Start of Supplied records

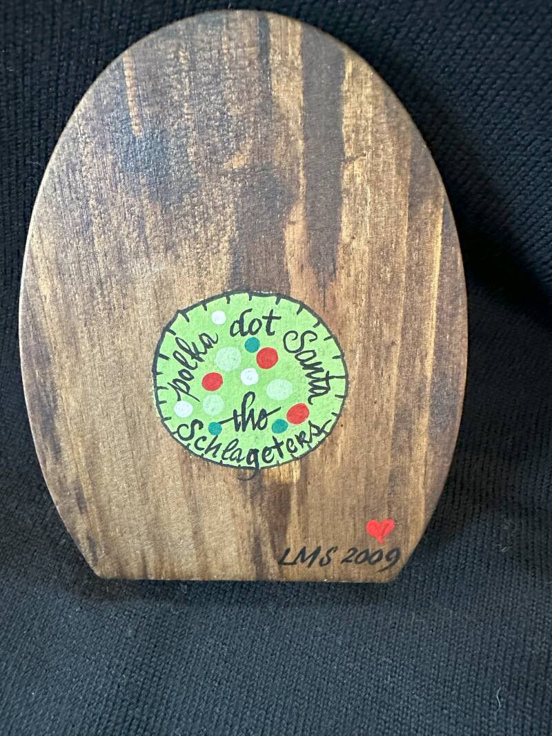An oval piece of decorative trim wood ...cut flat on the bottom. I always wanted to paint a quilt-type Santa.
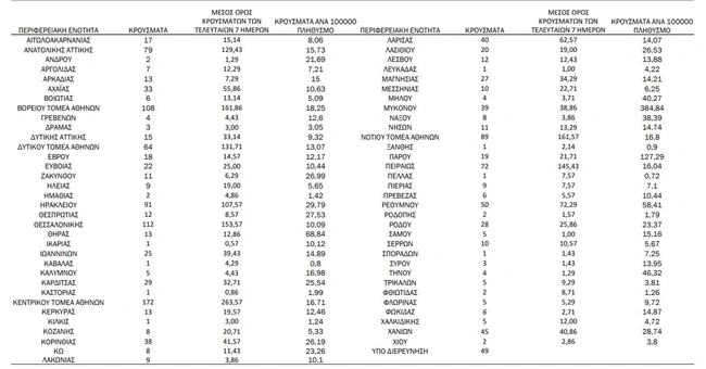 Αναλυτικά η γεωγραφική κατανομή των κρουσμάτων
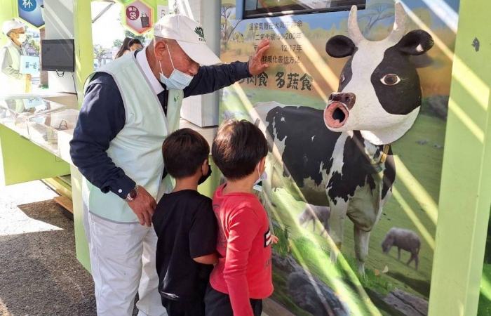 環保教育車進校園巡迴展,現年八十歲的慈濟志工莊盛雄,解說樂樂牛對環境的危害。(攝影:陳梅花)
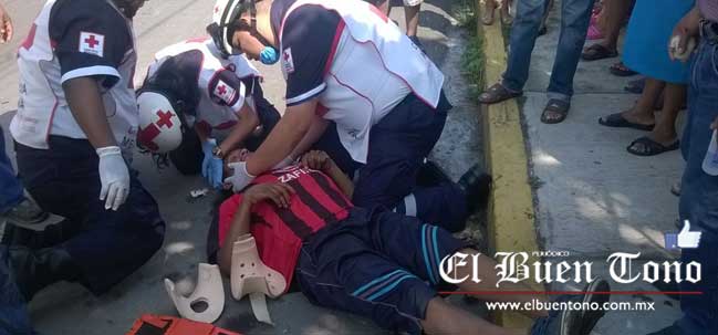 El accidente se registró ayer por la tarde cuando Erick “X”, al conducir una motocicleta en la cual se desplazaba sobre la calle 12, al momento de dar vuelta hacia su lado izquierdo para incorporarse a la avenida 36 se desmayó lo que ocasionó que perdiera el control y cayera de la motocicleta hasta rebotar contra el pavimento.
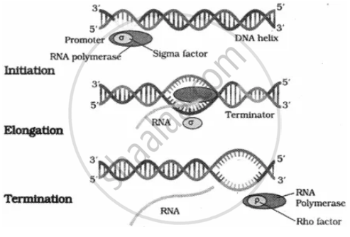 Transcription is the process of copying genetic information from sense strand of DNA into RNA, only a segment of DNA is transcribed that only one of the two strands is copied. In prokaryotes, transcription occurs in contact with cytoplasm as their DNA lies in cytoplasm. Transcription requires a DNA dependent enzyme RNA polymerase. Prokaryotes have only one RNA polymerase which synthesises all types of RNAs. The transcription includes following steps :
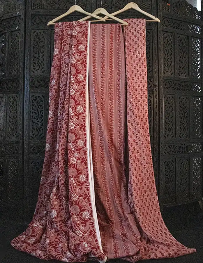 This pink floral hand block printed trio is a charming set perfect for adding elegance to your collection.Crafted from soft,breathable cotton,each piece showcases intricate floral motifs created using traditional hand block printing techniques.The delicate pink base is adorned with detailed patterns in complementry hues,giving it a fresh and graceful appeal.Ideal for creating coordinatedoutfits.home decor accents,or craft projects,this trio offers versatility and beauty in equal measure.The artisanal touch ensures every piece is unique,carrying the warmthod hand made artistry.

End of Supplied records

> Try it
Write out, word for word, the lines from the start of the data through the one holding "Transcription is the". Omit pictures.

> Result of this exercise
An oval piece of decorative trim wood ...cut flat on the bottom. I always wanted to paint a quilt-type Santa.
 Αναλυτικά η γεωγραφική κατανομή των κρουσμάτων
 環保教育車進校園巡迴展,現年八十歲的慈濟志工莊盛雄,解說樂樂牛對環境的危害。(攝影:陳梅花)
 El accidente se registró ayer por la tarde cuando Erick “X”, al conducir una motocicleta en la cual se desplazaba sobre la calle 12, al momento de dar vuelta hacia su lado izquierdo para incorporarse a la avenida 36 se desmayó lo que ocasionó que perdiera el control y cayera de la motocicleta hasta rebotar contra el pavimento.
 Transcription is the process of copying genetic information from sense strand of DNA into RNA, only a segment of DNA is transcribed that only one of the two strands is copied. In prokaryotes, transcription occurs in contact with cytoplasm as their DNA lies in cytoplasm. Transcription requires a DNA dependent enzyme RNA polymerase. Prokaryotes have only one RNA polymerase which synthesises all types of RNAs. The transcription includes following steps :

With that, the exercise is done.